The up and down nature of the past month has created a rare situation for the volatility markets. The SPX index is now at basically a 3 month high, but realized volatility is also near the highs of the last 3 months.
The following chart shows 3 month realized volatility vs. 3 month implied volatility (so the implied volatility for at-the-money options in SPX that expire in 3 months) over the last 3 years:
In most cases, implied volatility (the black line) is higher than realized volatility, which is an illustration of the insurance-like properties of options, where they are normally priced higher than the future expected move. In the few instances where the market has a big down move (flash crash in 2010 and Aug 2011 down move), realized volatility picks up. Since it’s 3 month backward looking volatility, it usually stays elevated even after the market has calmed down and forward looking implied volatility has started to move back lower.

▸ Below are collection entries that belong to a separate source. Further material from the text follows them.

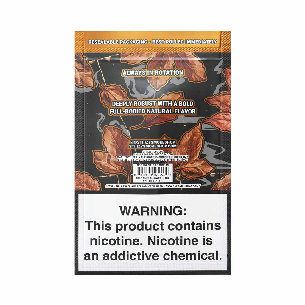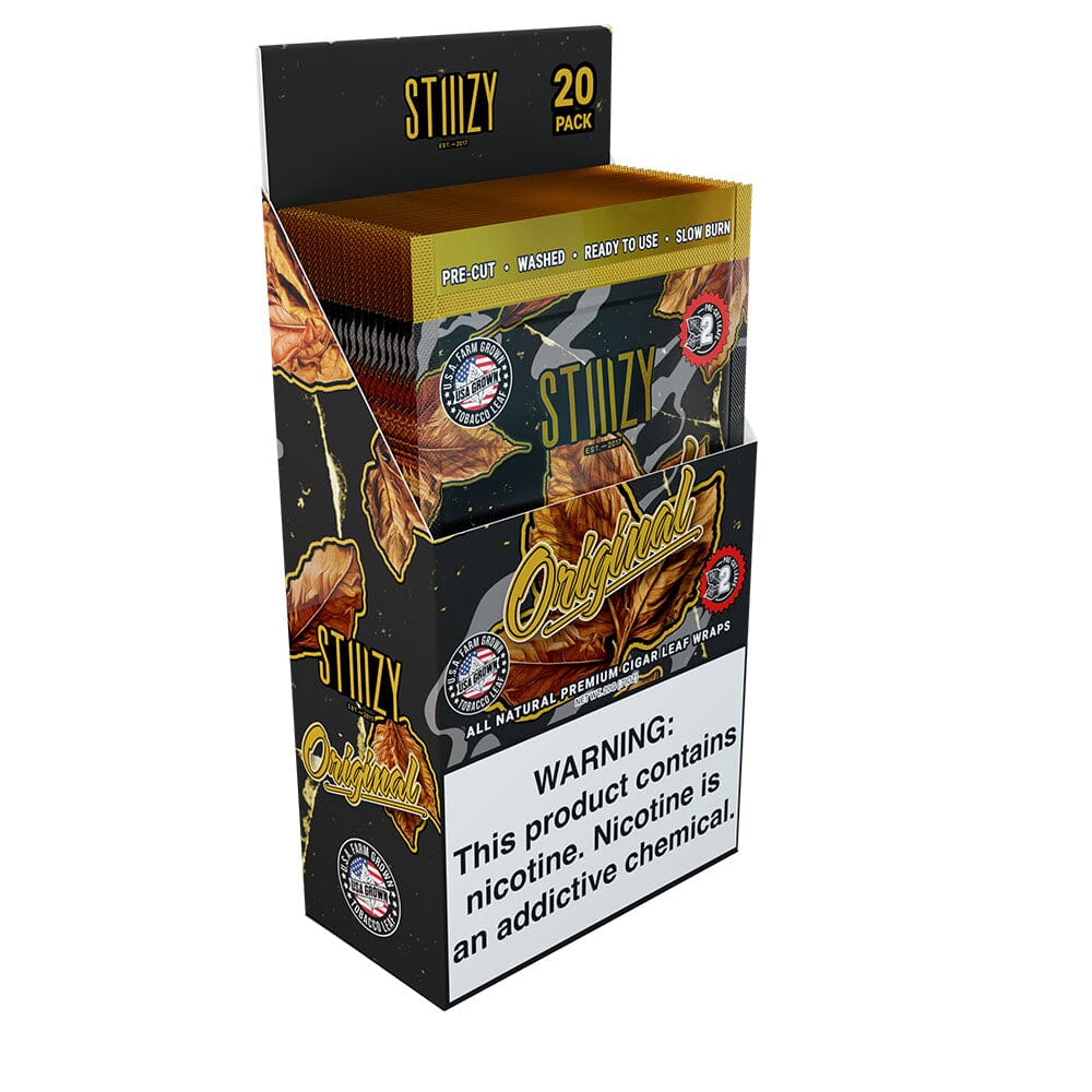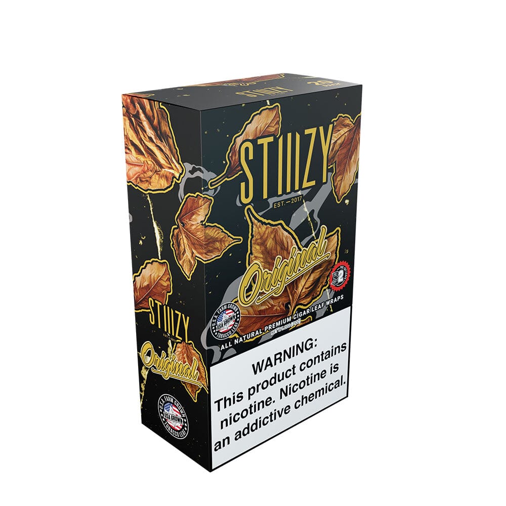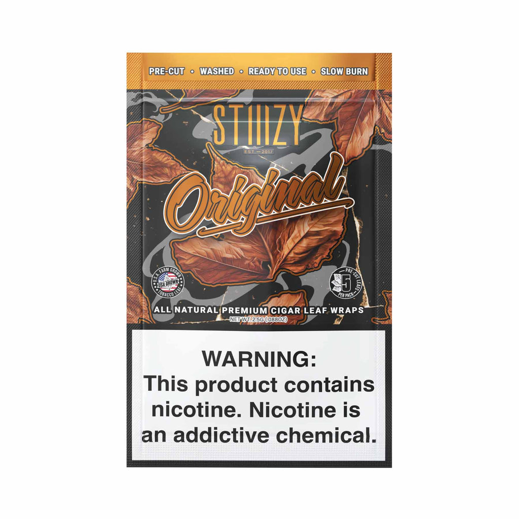 STIIIZY Original blunt wraps are all natural USA grown tobacco leaf that offers a deeply robust, rich, and full-bodied natural profile. Each wrap embodies the unadorned and authentic essence of premium tobacco, offering a bold and satisfying smoking experience. Pre-cut and Washed and Refined for a convienent and consistent burn every time.
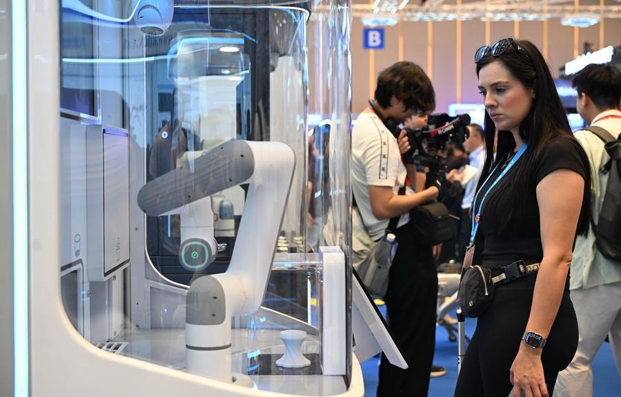 A visitor looks at an ice cream making robot at the 139th edition of the China Import and Export Fair in Guangzhou, south China's Guangdong Province, April 15, 2026. [Xinhua/Deng Hua]
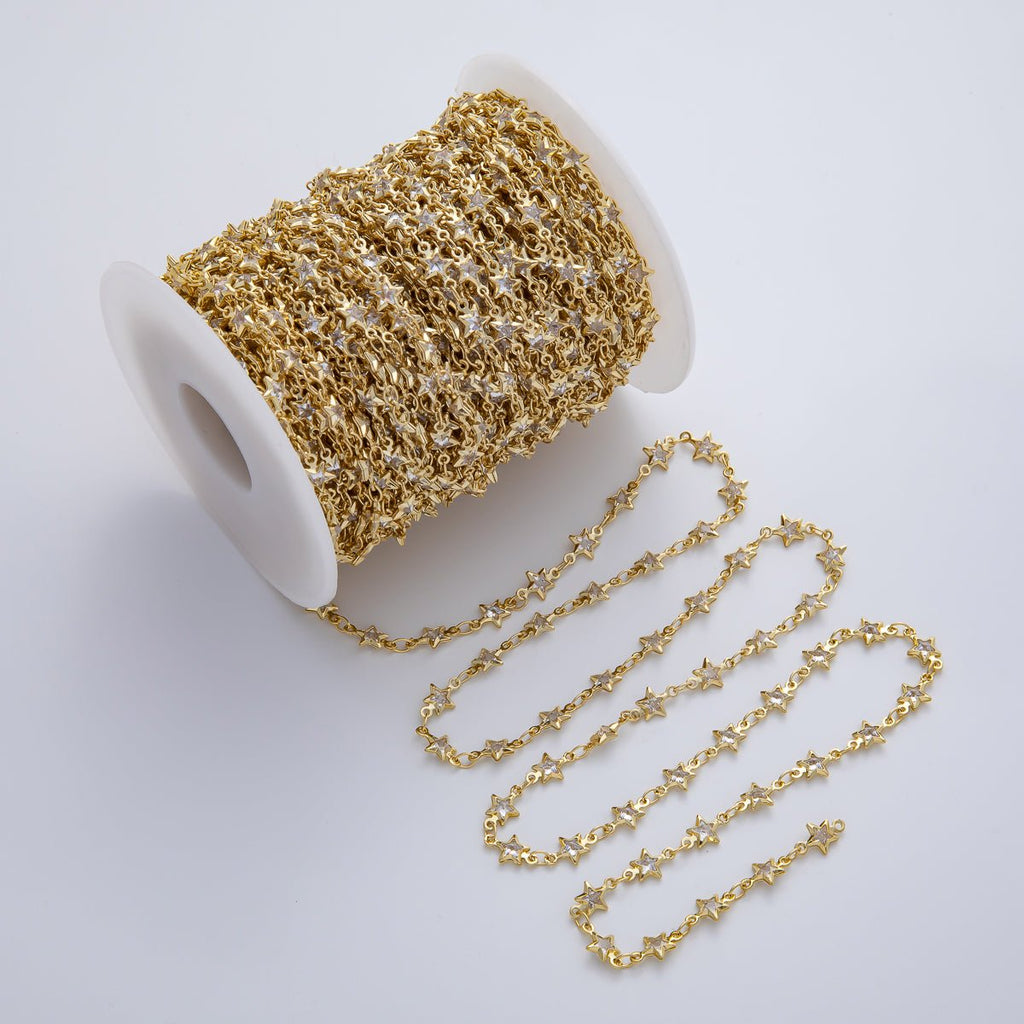 18K Gold Filled 10mm x 6mm Clear Celestial Star Unfinished Chain by Yard | Roll-1781
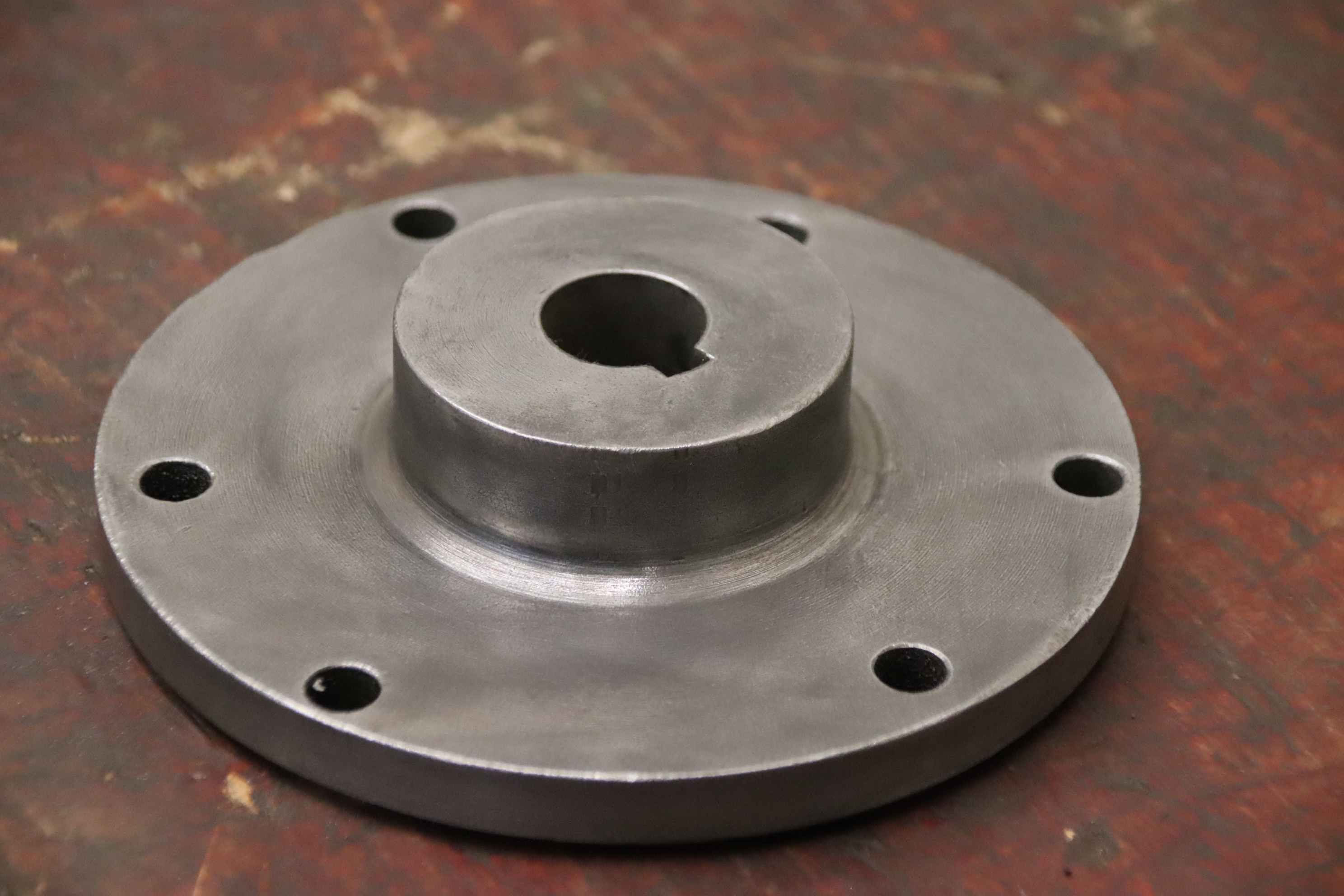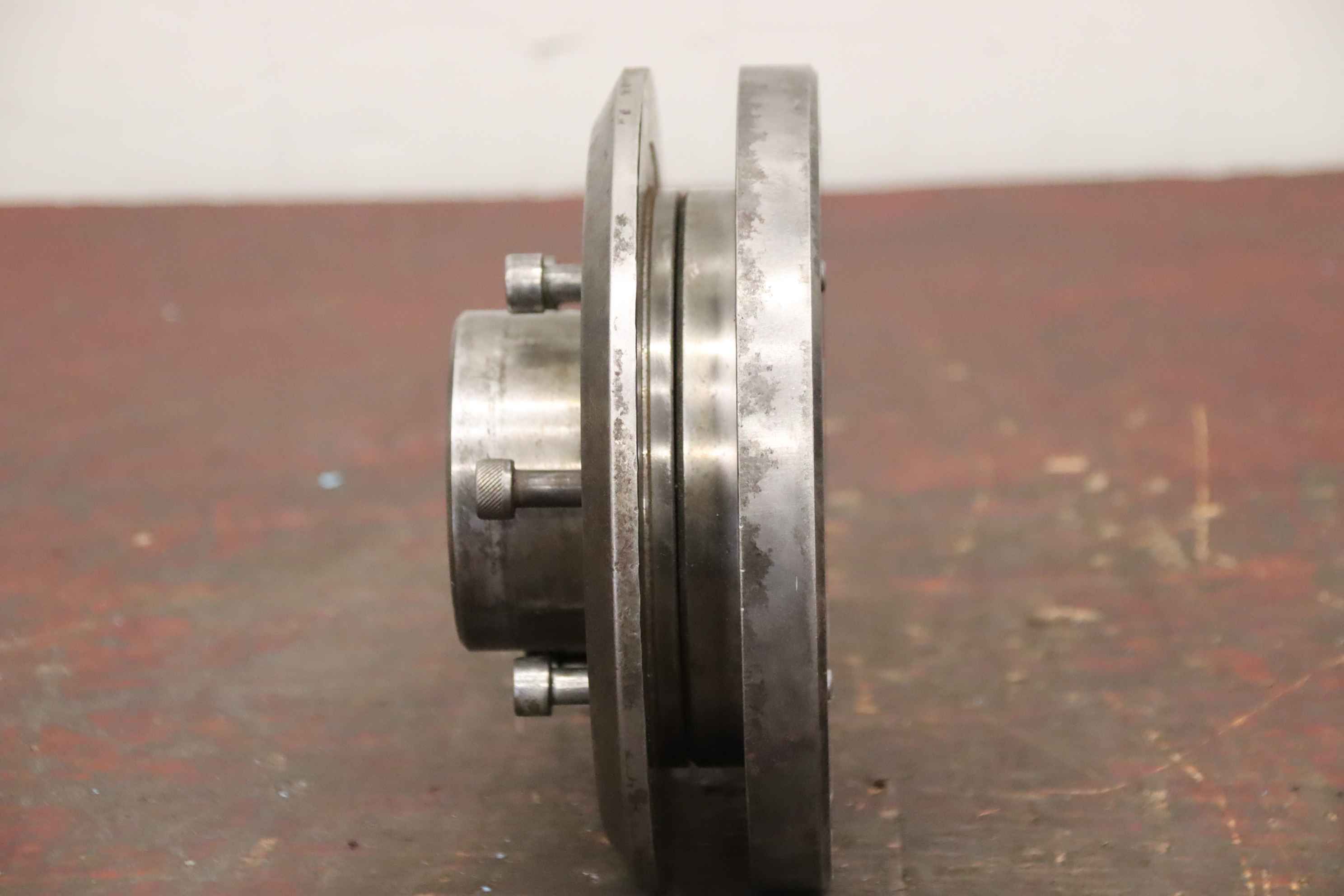 Chuck flange, flange mount, chuck flange, drive flange, intermediate flange, chuck faceplate, mounting flange -Muck flange: Mounting flange for three-jaw chucks, four-jaw chucks, faceplates -Outer diameter: 162 mm -Socket: Short cone 5, cone Ø 79 - 82 mm -Bolt circle: Ø 105 x 10 mm -Dimensions: Ø 162 x 25 mm -Weight: 2.4 kg

What’s unique about the current situation is that implied volatility has moved below realized volatility even though implied volatility is already priced near the low end of the last 3 years. It could also just be that realized volatility is relatively high given that the market is only 2% from new highs. That is a rare phenomenon that illustrates how volatile the market has been even as it has pushed higher.
I don’t have any strong takeaways from this other than to think that volatility looks especially cheap here. Interestingly, this situation is even more pronounced in Europe, as Europe is at almost 4 month highs, but realized volatility is the highest it has been in all of 2012.